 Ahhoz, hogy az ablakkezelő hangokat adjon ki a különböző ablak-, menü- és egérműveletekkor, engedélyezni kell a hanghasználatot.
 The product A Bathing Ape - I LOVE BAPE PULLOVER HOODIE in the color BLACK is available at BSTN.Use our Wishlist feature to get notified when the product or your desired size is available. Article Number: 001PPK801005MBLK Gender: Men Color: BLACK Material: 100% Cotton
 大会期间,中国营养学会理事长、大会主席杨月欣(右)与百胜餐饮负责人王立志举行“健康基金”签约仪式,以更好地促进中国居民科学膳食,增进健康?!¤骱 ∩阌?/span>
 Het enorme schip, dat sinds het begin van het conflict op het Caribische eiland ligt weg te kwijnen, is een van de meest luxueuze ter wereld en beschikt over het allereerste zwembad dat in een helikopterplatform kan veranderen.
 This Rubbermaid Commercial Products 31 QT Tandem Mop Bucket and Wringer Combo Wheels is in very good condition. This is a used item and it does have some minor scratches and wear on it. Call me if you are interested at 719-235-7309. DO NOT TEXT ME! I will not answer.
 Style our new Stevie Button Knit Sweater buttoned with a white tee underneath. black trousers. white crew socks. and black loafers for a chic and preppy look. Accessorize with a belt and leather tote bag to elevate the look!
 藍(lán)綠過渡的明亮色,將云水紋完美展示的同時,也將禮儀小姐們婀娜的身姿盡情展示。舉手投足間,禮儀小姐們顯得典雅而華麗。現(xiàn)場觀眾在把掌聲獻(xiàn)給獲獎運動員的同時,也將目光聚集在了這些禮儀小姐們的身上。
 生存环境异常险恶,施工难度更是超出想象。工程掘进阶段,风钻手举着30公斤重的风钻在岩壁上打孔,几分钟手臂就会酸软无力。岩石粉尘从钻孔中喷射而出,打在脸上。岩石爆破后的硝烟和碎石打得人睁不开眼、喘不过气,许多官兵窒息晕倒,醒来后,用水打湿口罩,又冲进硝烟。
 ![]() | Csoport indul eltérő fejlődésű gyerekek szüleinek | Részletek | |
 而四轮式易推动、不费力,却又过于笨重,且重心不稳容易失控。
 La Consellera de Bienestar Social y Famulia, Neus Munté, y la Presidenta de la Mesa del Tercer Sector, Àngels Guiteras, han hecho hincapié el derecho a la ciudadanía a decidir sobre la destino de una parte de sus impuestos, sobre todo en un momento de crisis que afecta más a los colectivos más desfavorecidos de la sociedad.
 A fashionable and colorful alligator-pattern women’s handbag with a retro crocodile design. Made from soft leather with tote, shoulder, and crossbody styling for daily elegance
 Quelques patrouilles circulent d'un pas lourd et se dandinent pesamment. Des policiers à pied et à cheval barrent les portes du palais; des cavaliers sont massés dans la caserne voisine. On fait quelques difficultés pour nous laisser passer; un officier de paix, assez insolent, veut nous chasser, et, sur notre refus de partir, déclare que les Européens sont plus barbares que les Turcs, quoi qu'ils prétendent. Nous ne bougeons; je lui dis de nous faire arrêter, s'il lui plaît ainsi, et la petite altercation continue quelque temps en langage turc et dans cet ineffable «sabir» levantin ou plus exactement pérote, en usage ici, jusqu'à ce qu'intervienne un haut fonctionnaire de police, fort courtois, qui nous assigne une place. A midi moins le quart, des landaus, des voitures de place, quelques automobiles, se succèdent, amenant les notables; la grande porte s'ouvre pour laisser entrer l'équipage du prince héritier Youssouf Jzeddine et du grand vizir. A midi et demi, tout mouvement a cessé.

========

ASSIGNED TASK>
Everything from the first line of the records above to the line containing "This Rubbermaid Commercial", inclusive, should be repeated exactly; leave out the rest.

SOLUTION BELOW>
 Ahhoz, hogy az ablakkezelő hangokat adjon ki a különböző ablak-, menü- és egérműveletekkor, engedélyezni kell a hanghasználatot.
 The product A Bathing Ape - I LOVE BAPE PULLOVER HOODIE in the color BLACK is available at BSTN.Use our Wishlist feature to get notified when the product or your desired size is available. Article Number: 001PPK801005MBLK Gender: Men Color: BLACK Material: 100% Cotton
 大会期间,中国营养学会理事长、大会主席杨月欣(右)与百胜餐饮负责人王立志举行“健康基金”签约仪式,以更好地促进中国居民科学膳食,增进健康?!¤骱 ∩阌?/span>
 Het enorme schip, dat sinds het begin van het conflict op het Caribische eiland ligt weg te kwijnen, is een van de meest luxueuze ter wereld en beschikt over het allereerste zwembad dat in een helikopterplatform kan veranderen.
 This Rubbermaid Commercial Products 31 QT Tandem Mop Bucket and Wringer Combo Wheels is in very good condition. This is a used item and it does have some minor scratches and wear on it. Call me if you are interested at 719-235-7309. DO NOT TEXT ME! I will not answer.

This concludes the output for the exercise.